Потому Фуко не ежится, чувствуя на себе его взгляд, и с готовностью вскидывает голову, услышав негромкое мелодичное:
- Мальчик?
У незнакомца узкое лицо и зеленые глаза. Фуко подходит ближе.
- Расскажи, мальчик, что тебе снится?
Под темным небом ночи, о которой мы так и не узнаем ничего: ни когда началась, ни когда закончится, другой ребенок затрясет головой в непонимании.
- Бабушка, где здесь боги?
- А Фуко чем тебе не бог?
- Но он же… просто мальчик. Как я, как соседский рыжий Руфус…
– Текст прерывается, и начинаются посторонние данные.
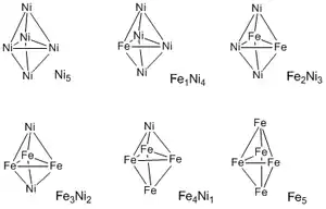 Iron–nickel (Fe–Ni) clusters are metal clusters consisting of iron and nickel, i.e. Fe–Ni structures displaying polyhedral frameworks held together by two or more metal–metal bonds per metal atom, where the metal atoms are located at the vertices of closed, triangulated polyhedra.[1]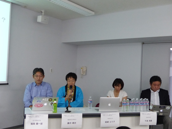 続いて、「オープン/オープンガバメント」「震災復興」「テクニカル」という分野に分かれてセッションが行われた。「震災復興」の中では、福島県浪江町の陣内一樹氏が、分散避難している町民にタブレット端末を配布するにあたって、町民向けのアプリ開発を行った「Code for Namie」プロジェクトについて報告した。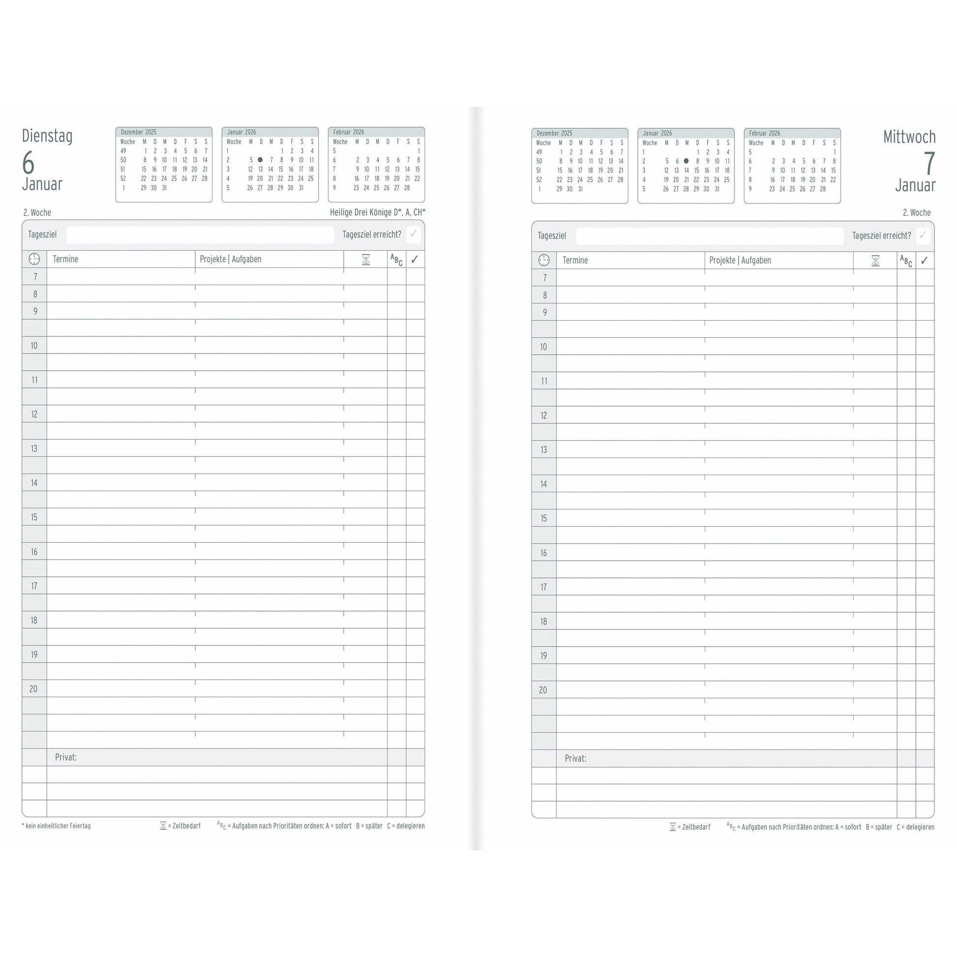 Bezeichnung: Chronoplan Buchkalender Black Edition 2026 DIN A5 1 Tag/1 Seite Karton, folienlaminiert schwarz

Бабушка качает головой, продевает пару петель. Она может рассказывать, не прерывая вязания, главное чтобы длилась ночь и потрескивали поленья в печке. Тишина звенит в свой бубен, и ребенок, повозившись, вопрошает с искренним любопытством:
- И он рассказал?
- Что рассказал?
- Что ему снится?
Фуко никто не задавал таких вопросов. Его спрашивали, кем он хочет встать, когда вырастет, на кого он похож – на маму или на папу? Где он расшиб коленку. Есть ли у него совесть. Но про сны? Зачем кому-то сдались его сны?
Незнакомец смотрит на него тепло, и глаза его цвета первой весенней листвы. И Фуко отвечает.
- Мне снится небо… персикового цвета.
Человек в цилиндре заходится смехом, но Фуко, как ни странно, не обижается. Он смотрит пристально, как умеют только дети, и видит большую воду, которая пахнет теми самыми солью и йодом. Видит, как туман заполняет долины между холмами. Видит полет орла над вершинами гор. Он не видит в незнакомце одного: человека.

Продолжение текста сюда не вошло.